Problem to work on → Retype exactly what appears below from the line containing "이야기가 담겨 있습니다." down to the line containing "De diepe achtertuin", keeping both end lines. Do not include pictures.

Start of Recorded information

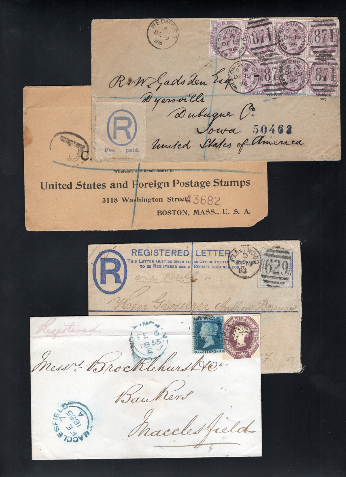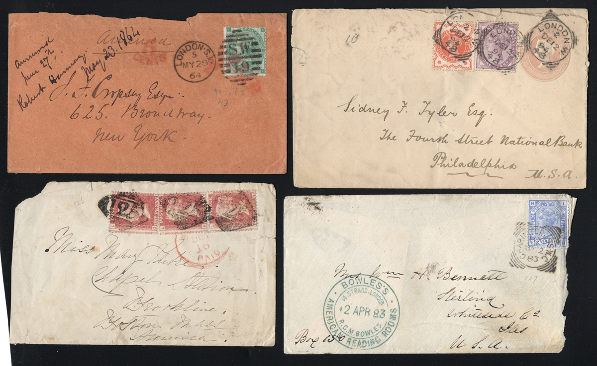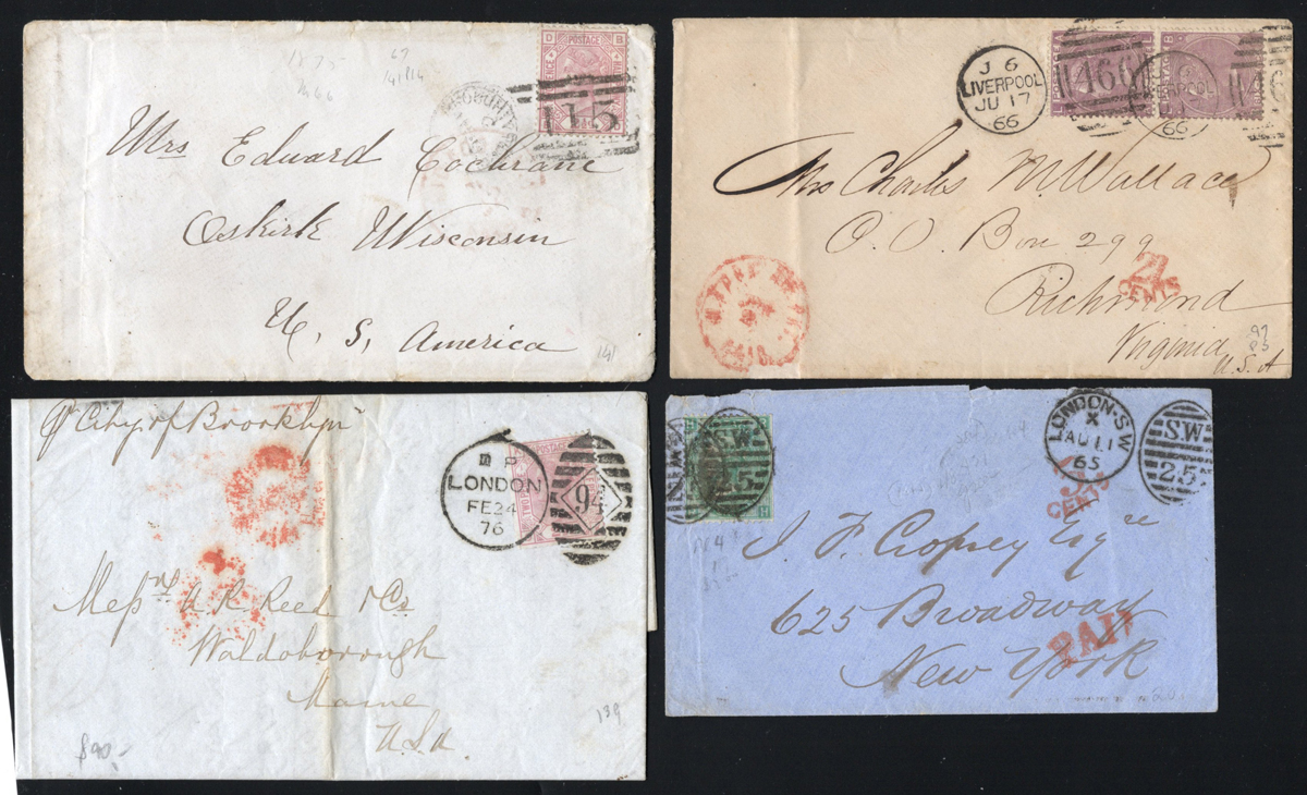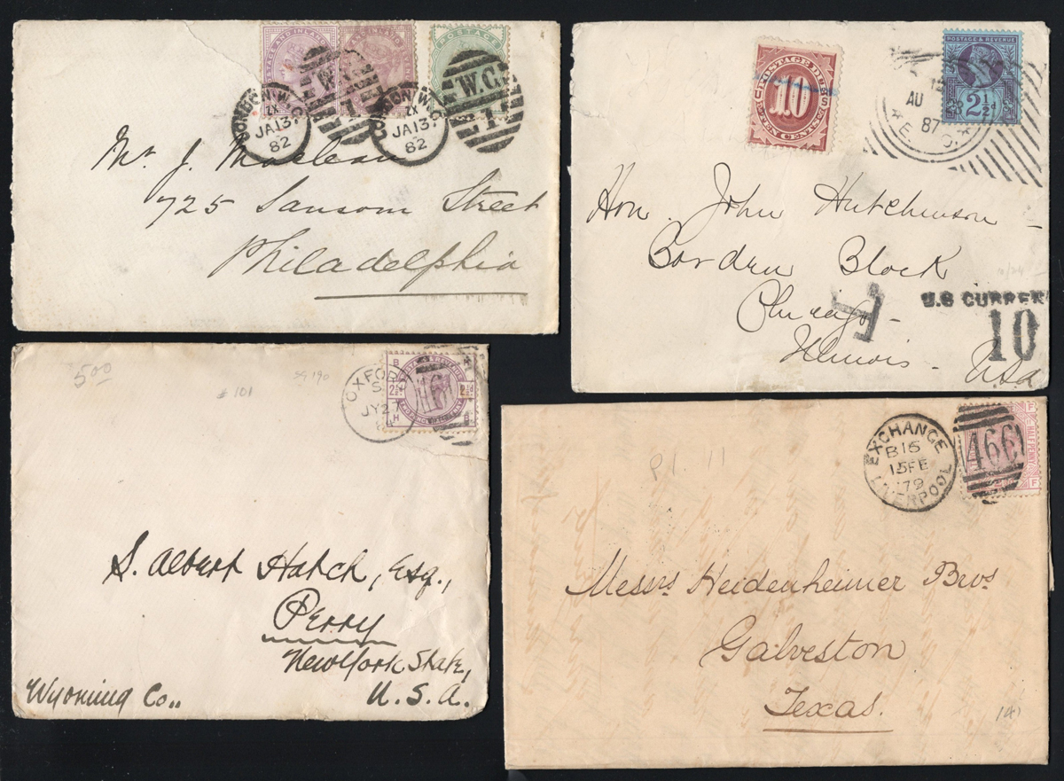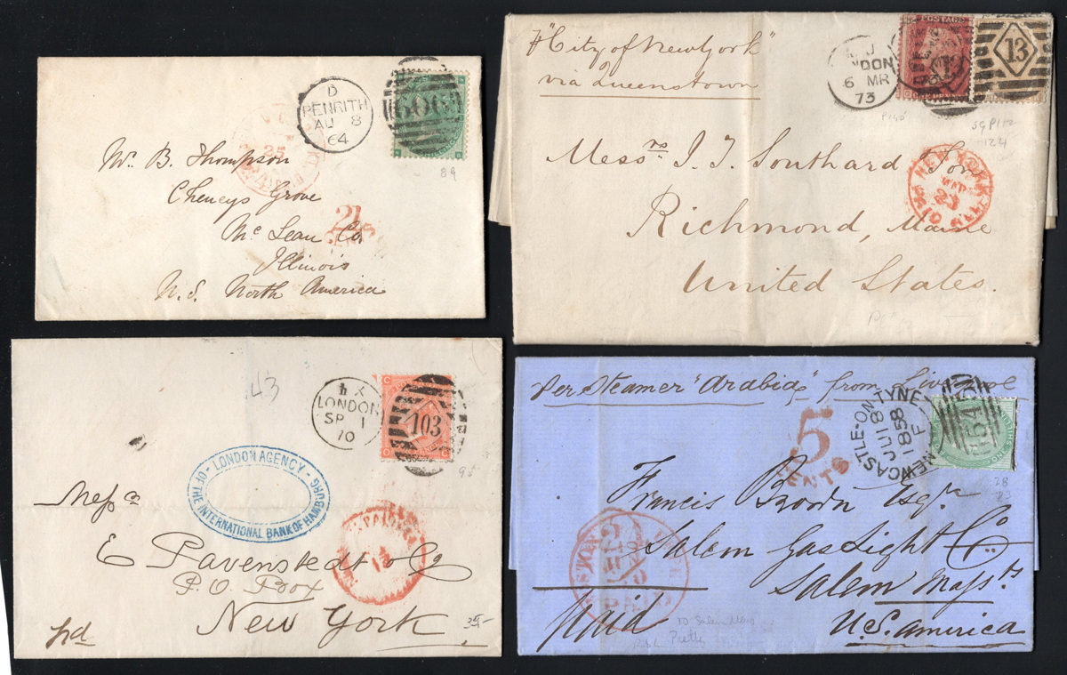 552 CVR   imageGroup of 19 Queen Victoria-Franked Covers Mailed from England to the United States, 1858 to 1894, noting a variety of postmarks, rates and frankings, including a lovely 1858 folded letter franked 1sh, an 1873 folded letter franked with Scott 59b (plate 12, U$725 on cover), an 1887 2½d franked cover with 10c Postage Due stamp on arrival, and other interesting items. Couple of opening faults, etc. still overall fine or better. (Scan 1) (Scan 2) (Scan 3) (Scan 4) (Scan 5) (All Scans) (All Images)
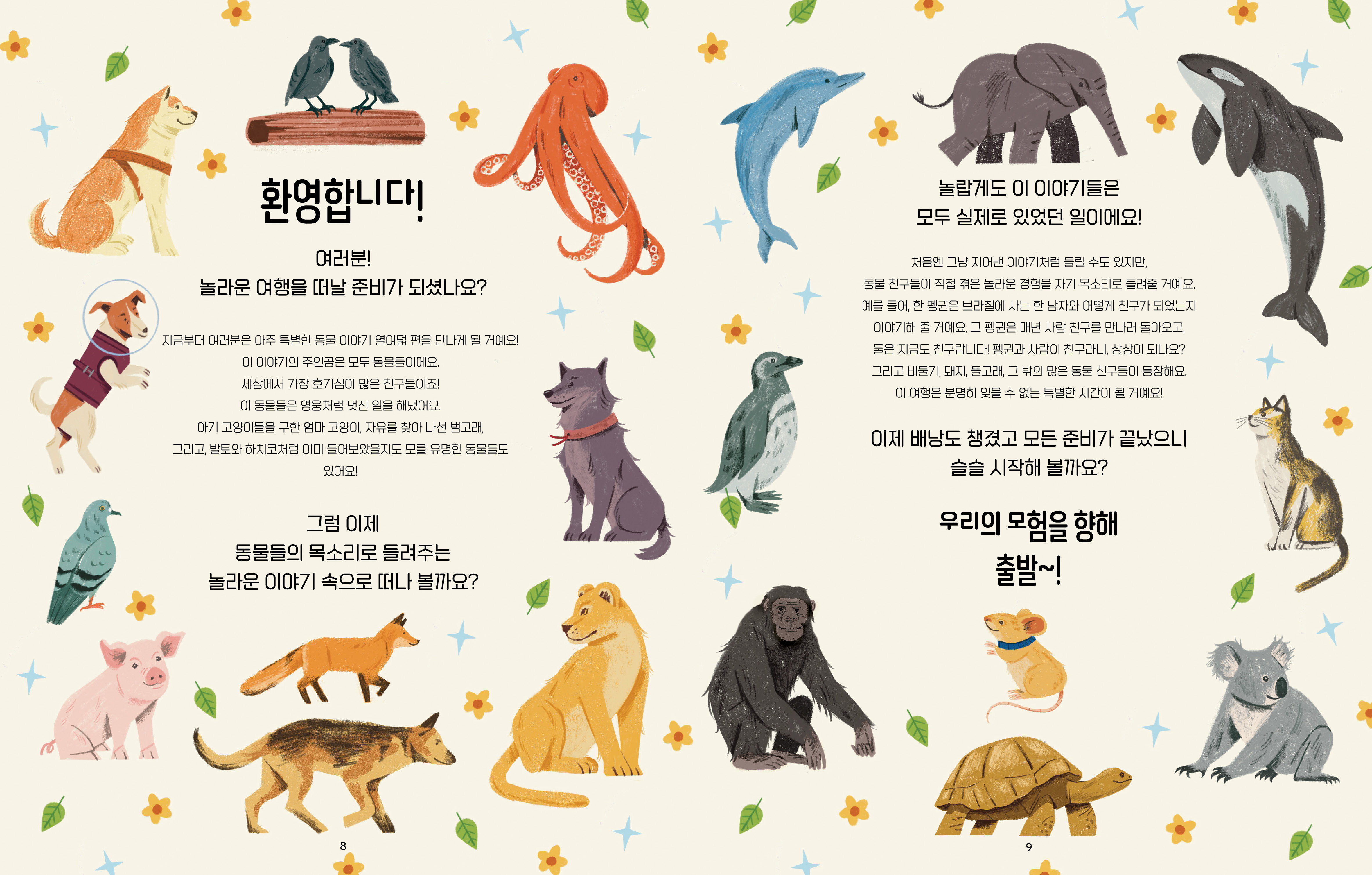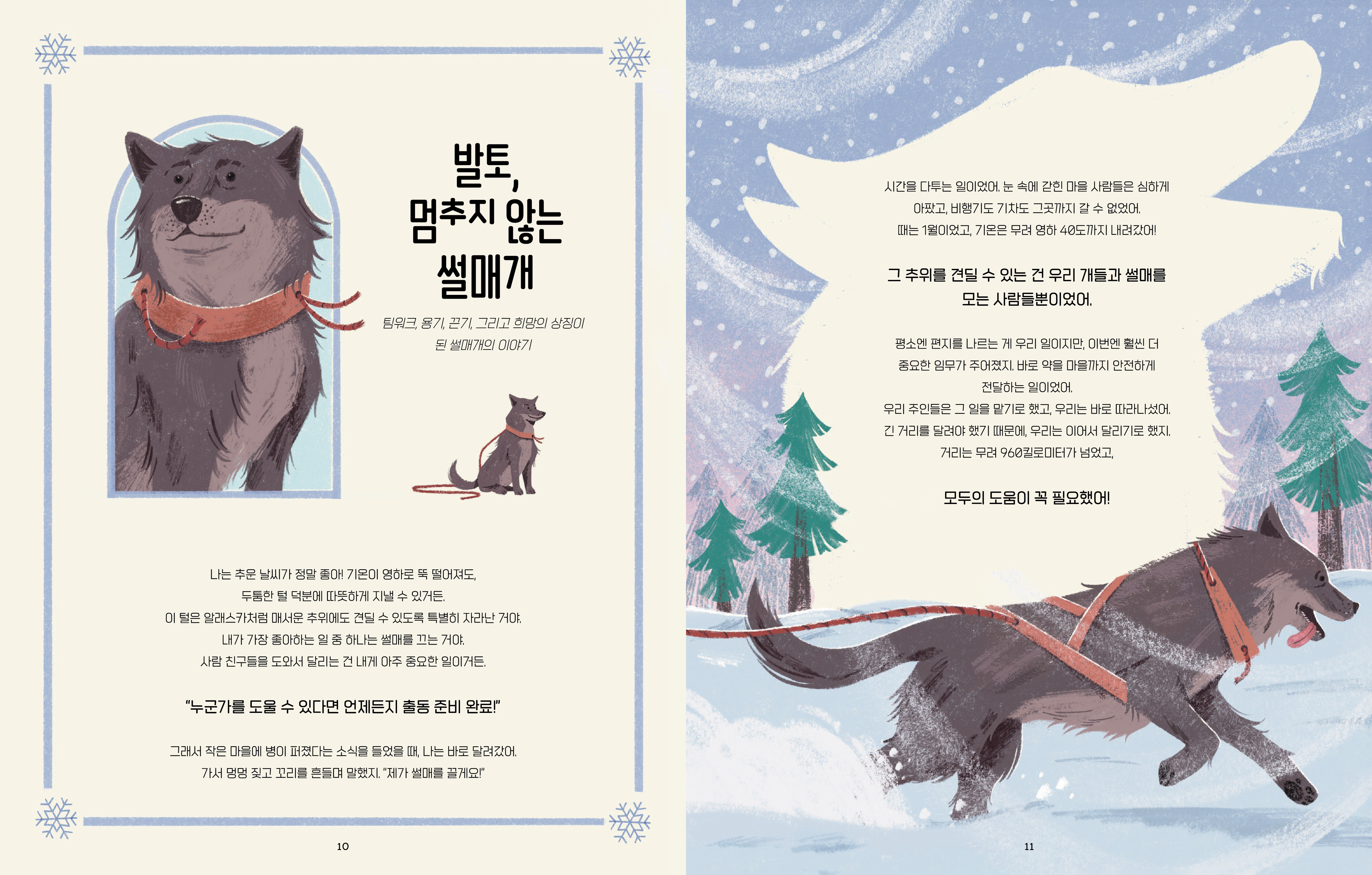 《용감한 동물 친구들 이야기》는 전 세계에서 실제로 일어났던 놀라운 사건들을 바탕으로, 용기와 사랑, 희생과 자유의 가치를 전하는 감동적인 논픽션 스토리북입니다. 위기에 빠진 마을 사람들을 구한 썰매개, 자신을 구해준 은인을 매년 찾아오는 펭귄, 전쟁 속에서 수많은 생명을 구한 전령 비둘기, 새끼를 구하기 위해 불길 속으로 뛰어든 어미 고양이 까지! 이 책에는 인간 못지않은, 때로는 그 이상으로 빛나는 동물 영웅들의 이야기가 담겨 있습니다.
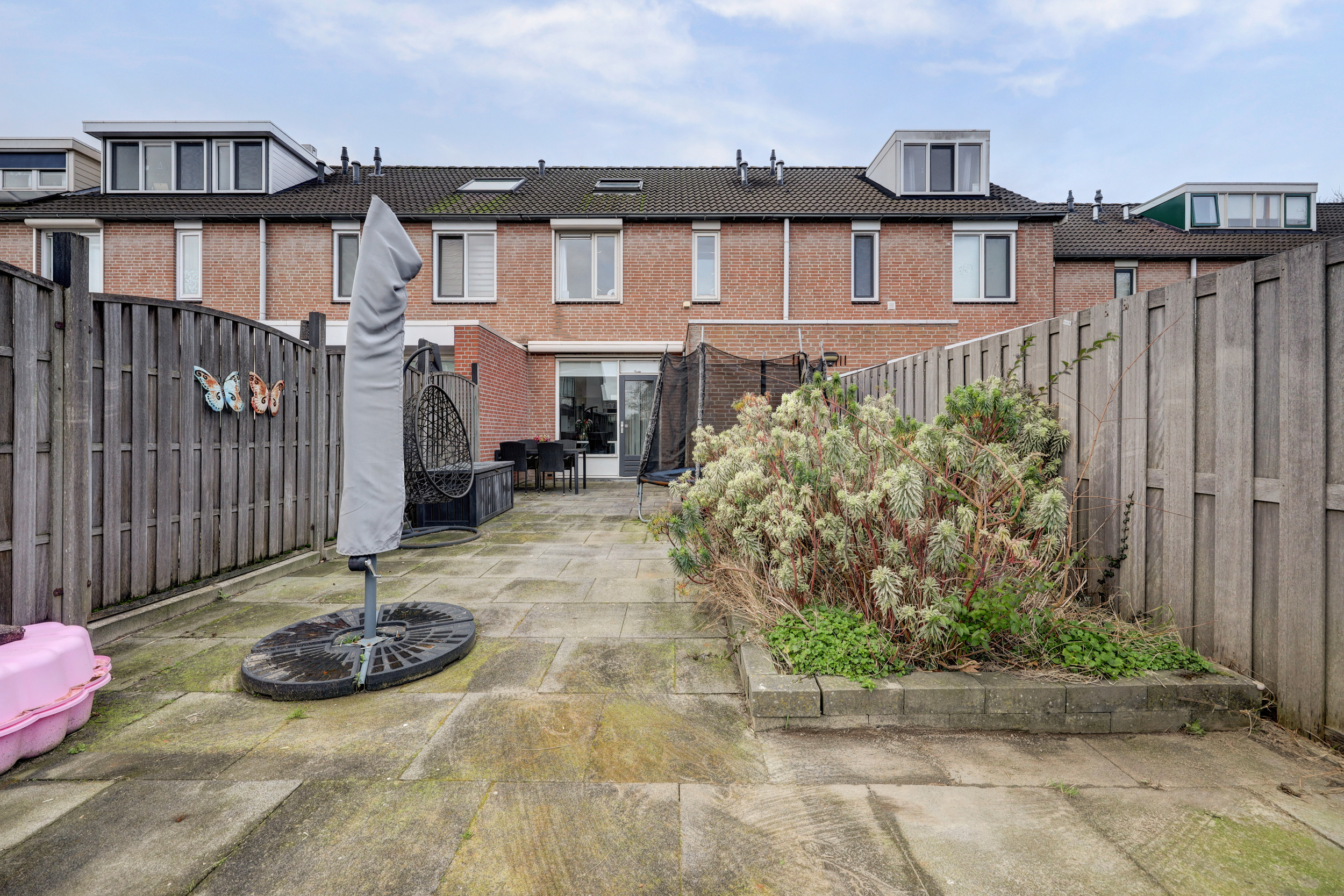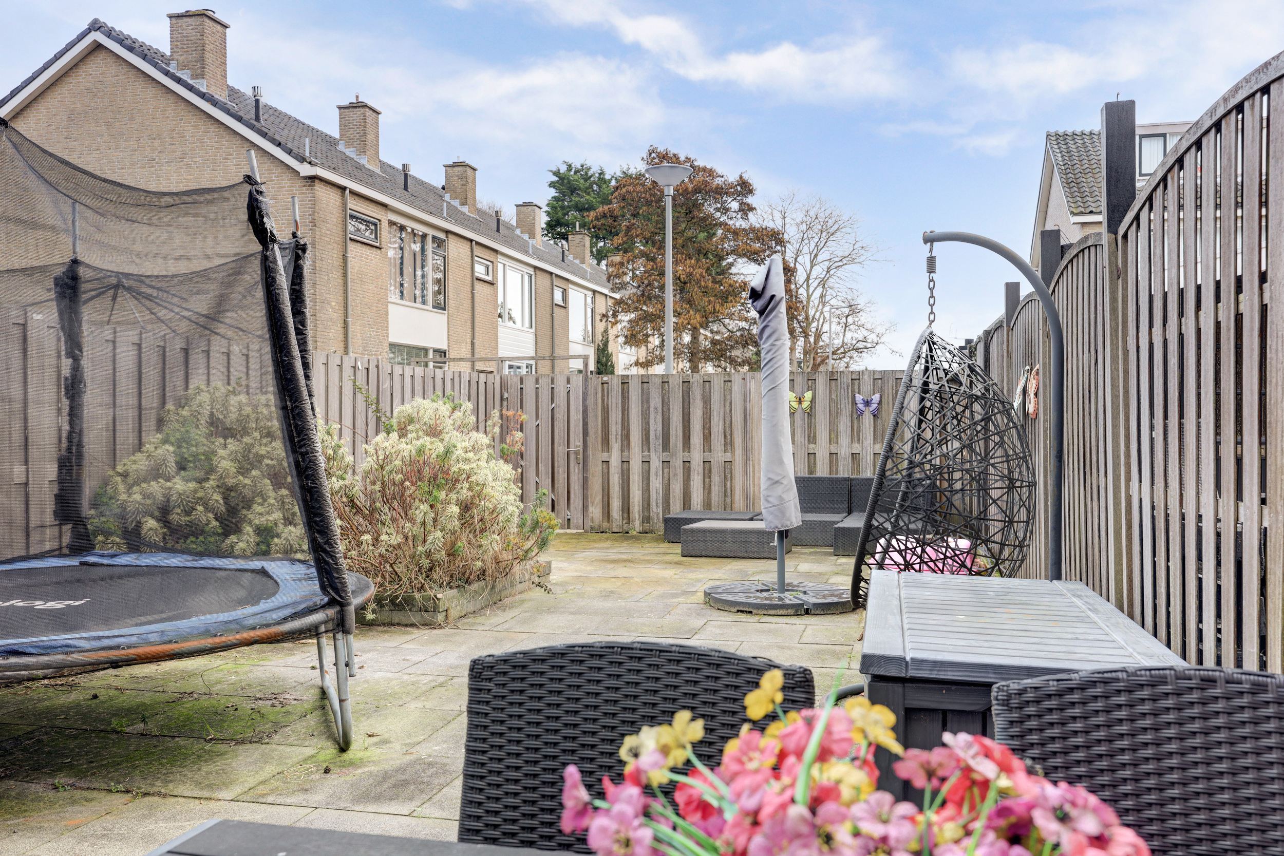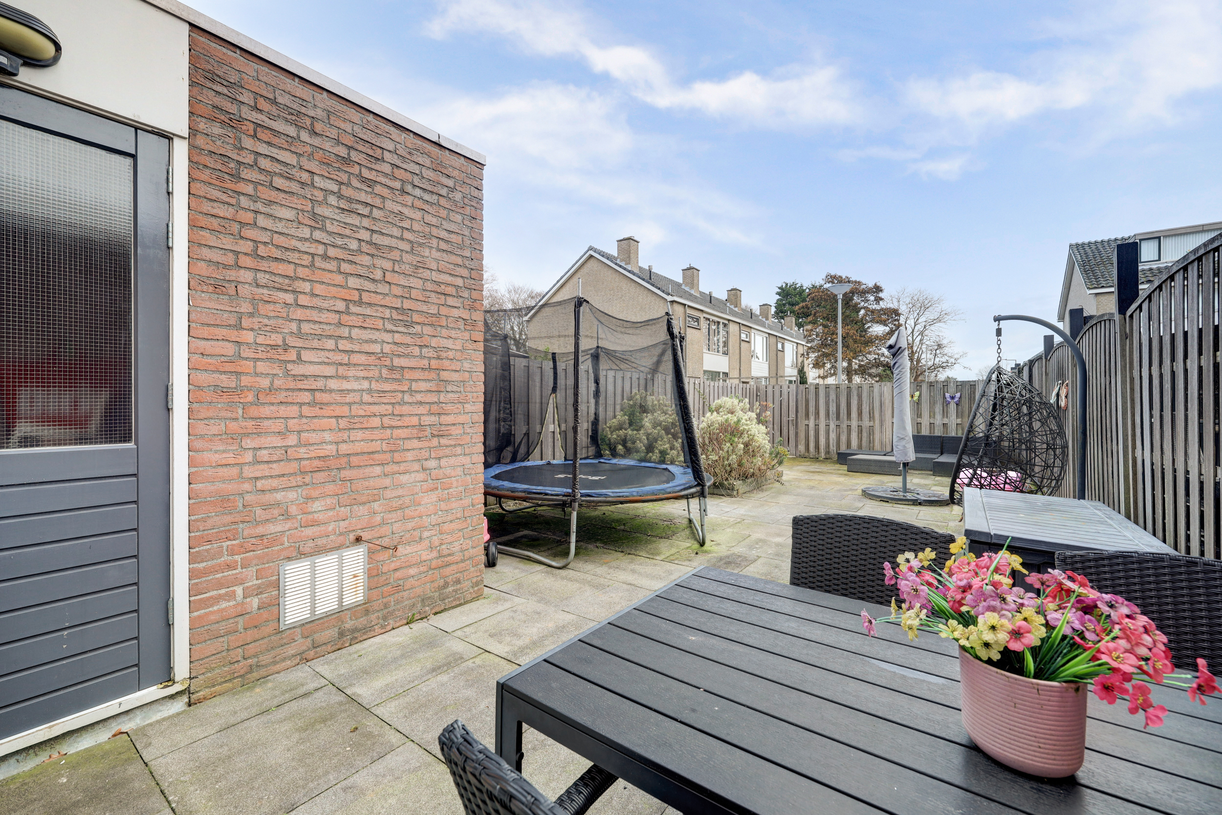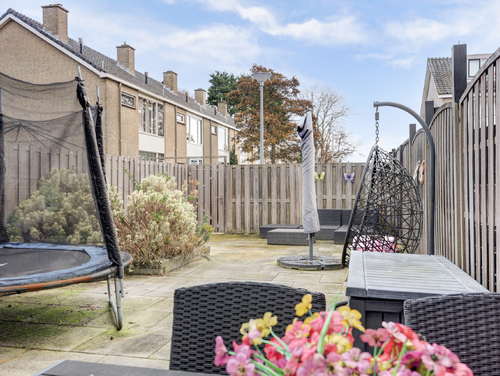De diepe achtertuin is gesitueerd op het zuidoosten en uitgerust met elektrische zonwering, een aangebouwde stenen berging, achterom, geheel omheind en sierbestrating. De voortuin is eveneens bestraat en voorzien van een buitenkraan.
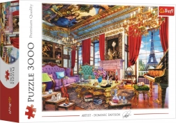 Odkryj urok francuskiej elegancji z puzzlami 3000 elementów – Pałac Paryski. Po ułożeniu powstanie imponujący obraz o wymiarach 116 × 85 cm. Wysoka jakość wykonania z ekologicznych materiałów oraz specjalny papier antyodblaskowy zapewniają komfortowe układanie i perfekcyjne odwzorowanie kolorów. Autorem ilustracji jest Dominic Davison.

End of Recorded information

Answer for this exercise →
 《용감한 동물 친구들 이야기》는 전 세계에서 실제로 일어났던 놀라운 사건들을 바탕으로, 용기와 사랑, 희생과 자유의 가치를 전하는 감동적인 논픽션 스토리북입니다. 위기에 빠진 마을 사람들을 구한 썰매개, 자신을 구해준 은인을 매년 찾아오는 펭귄, 전쟁 속에서 수많은 생명을 구한 전령 비둘기, 새끼를 구하기 위해 불길 속으로 뛰어든 어미 고양이 까지! 이 책에는 인간 못지않은, 때로는 그 이상으로 빛나는 동물 영웅들의 이야기가 담겨 있습니다.
De diepe achtertuin is gesitueerd op het zuidoosten en uitgerust met elektrische zonwering, een aangebouwde stenen berging, achterom, geheel omheind en sierbestrating. De voortuin is eveneens bestraat en voorzien van een buitenkraan.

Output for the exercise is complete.